On this article, you’ll find out how the ReAct (Reasoning + Performing) sample works and find out how to implement it with LangGraph β first with a easy, hardcoded loop after which with an LLM-driven agent.
Matters we are going to cowl embrace:
- The ReAct cycle (Motive β Act β Observe) and why itβs helpful for brokers.
- Methods to mannequin agent workflows as graphs with LangGraph.
- Constructing a hardcoded ReAct loop, then upgrading it to an LLM-powered model.
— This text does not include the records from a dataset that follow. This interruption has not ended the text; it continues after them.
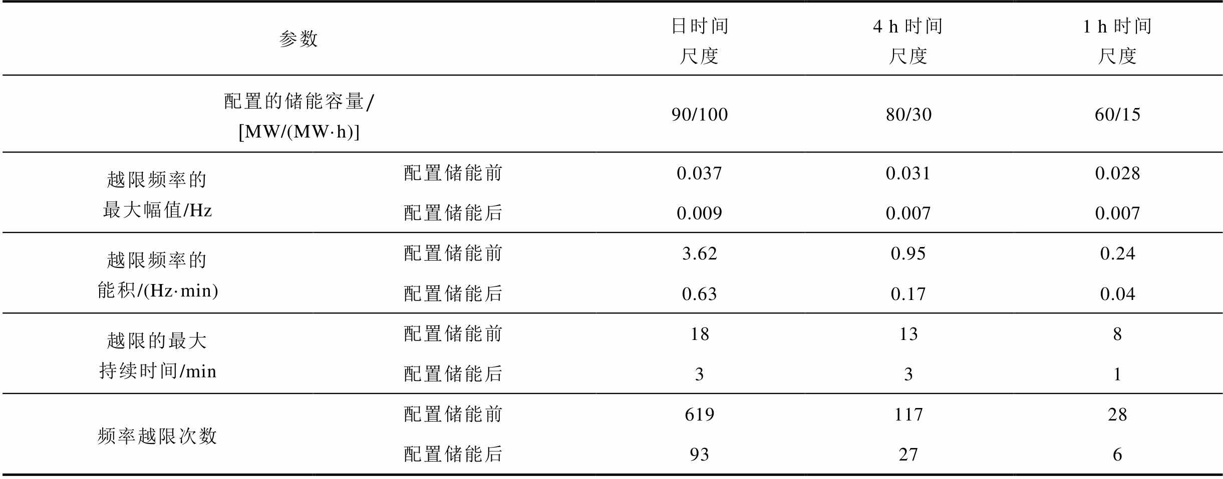 分别在不同时间尺度下,按照本文评估的调频能力需求在算例系统中配置相应容量的储能,并计算配置储能后的越限频率的最大幅值、越限频率的最大持续时间、越限频率的能积以及频率越限次数,其与配置储能前的比较见表5。可以发现,按照本文评估结果配置储能,能够有效地减小不同时间尺度下越限频率的最大幅值、能积、最大持续时间,并且将频率越限次数均减少了75%以上。
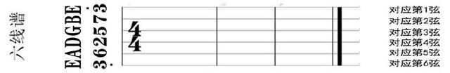 从图的上往下看表示对应吉他上的一至六线。左边为对应琴弦的音名EADGBE。和唱名362573 mi la re sol xi mi 。
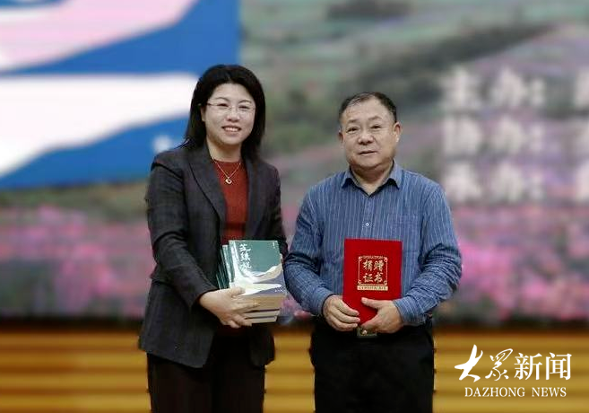 逄春阶向潍坊市图书馆捐赠了《芝镇说》系列图书,图书馆馆长考鲁明为其颁发收藏证书并致辞。

Letβs discover these strategies.
Constructing ReAct Brokers with LangGraph: A Newbieβs Information
Picture by Creator
What’s the ReAct Sample?
ReAct (Reasoning + Performing) is a typical sample for constructing AI brokers that suppose by means of issues and take actions to unravel them. The sample follows a easy cycle:
- Reasoning: The agent thinks about what it must do subsequent.
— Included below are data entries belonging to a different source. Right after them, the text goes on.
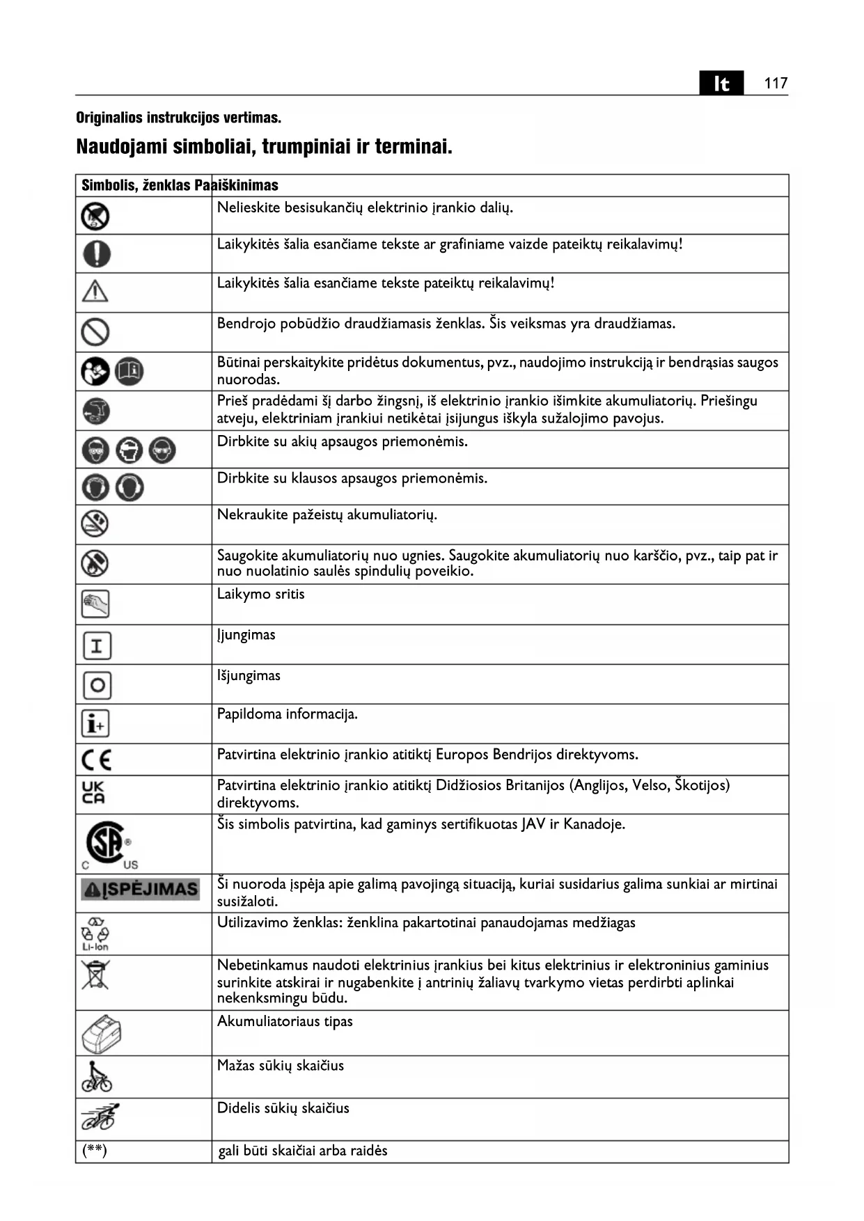 Originalios instrukcijos vertimas. Naudojami simboliai, trumpiniai ir terminai. Simbolis, ženklas Paaiškinimas Nelieskite besisukančių elektrinio įrankio dalių. Laikykitės šalia esančiame tekste ar grafiniame vaizde pateiktų reikalavimų! Laikykitės šalia esančiame tekste pateiktų reikalavimų! Bendrojo pobūdžio draudžiamasis ženklas. Šis veiksmas yra draudžiamas. Būtinai perskaitykite pridėtus dokumentus, pvz., naudojimo instrukciją ir bendrąsias saugos nuorodas. Prieš pradėdami šį darbo žingsnį, iš elektrinio įrankio išimkite akumuliatorių. Priešingu atveju, elektriniam įrankiui netikėtai įsijungus iškyla sužalojimo pavojus. Dirbkite su akių apsaugos priemonėmis. Dirbkite su klausos apsaugos priemonėmis. Nekraukite pažeistų akumuliatorių. Saugokite akumuliatorių nuo ugnies. Saugokite akumuliatorių nuo karščio, pvz., taip pat ir nuo nuolatinio saulės spindulių poveikio. Laikymo sritis Įjungimas Išjungimas Papildoma informacija. Patvirtina elektrinio įrankio atitiktį Europos Bendrijos direktyvoms. Patvirtina elektrinio įrankio atitiktį Didžiosios Britanijos (Anglijos, Velso, Škotijos) direktyvoms. Šis simbolis patvirtina, kad gaminys sertifikuotas JAV ir Kanadoje. Ši nuoroda įspėja apie galimą pavojingą situaciją, kuriai susidarius galima sunkiai ar mirtinai susižaloti. Utilizavimo ženklas: ženklina pakartotinai panaudojamas medžiagas Nebetinkamus naudoti elektrinius įrankius bei kitus elektrinius ir elektroninius gaminius surinkite atskirai ir nugabenkite į antrinių žaliavų tvarkymo vietas perdirbti aplinkai nekenksmingu būdu. Akumuliatoriaus tipas Mažas sūkių skaičius Didelis sūkių skaičius (**) gali būti skaičiai arba raidės118
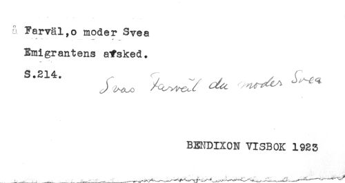 //// & Farväl,o moder Svea //// Emigrantens afsked. //// t //// BEMDIXON VISBOK 1925 ////
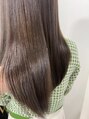 広がる髪質を縮毛矯正でおさまりあるストレートに。毛先の柔らかさは酸性ストレートならでは◎カラーはラベンダーベージュで柔らかなくすみ感をプラス☆
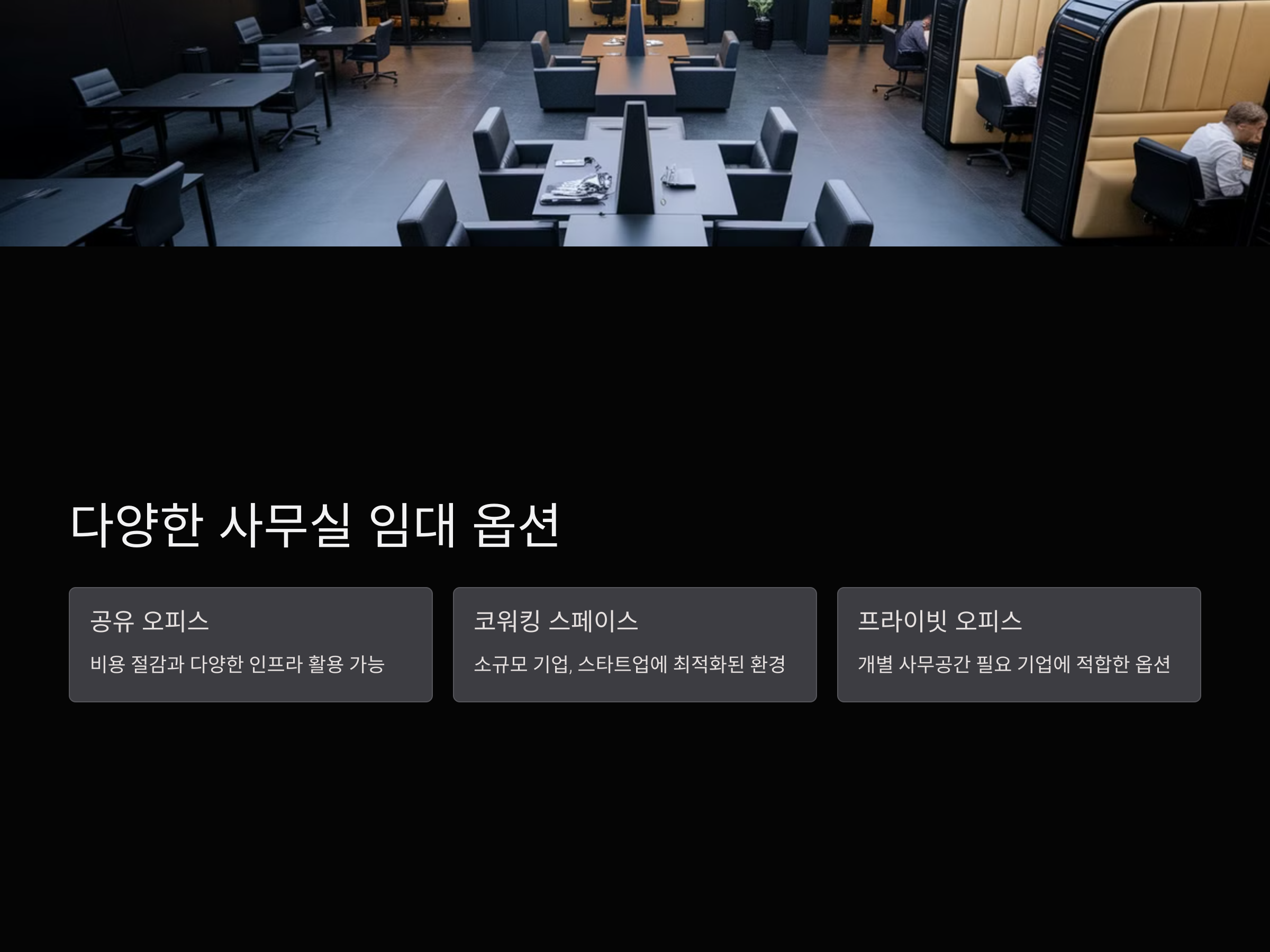 - 시설과 인프라: 고속 인터넷, 회의실, 휴게 공간 등 업무 효율성을 높여주는 시설이 구비된 사무실이 선호됩니다.

- Performing: The agent takes an motion (like trying to find info).
- Observing: The agent examines the outcomes of its motion.
This cycle repeats till the agent has gathered sufficient info to reply the consumerβs query.
Why LangGraph?
LangGraph is a framework constructed on prime of LangChain that allows you to outline agent workflows as graphs. A graph (on this context) is a knowledge construction consisting of nodes (steps in your course of) linked by edges (the paths between steps). Every node within the graph represents a step in your agentβs course of, and edges outline how info flows between steps. This construction permits for complicated flows like loops and conditional branching. For instance, your agent can cycle between reasoning and motion nodes till it gathers sufficient info. This makes complicated agent habits simple to grasp and keep.
Tutorial Construction
Weβll construct two variations of a ReAct agent:
- Half 1: A easy hardcoded agent to grasp the mechanics.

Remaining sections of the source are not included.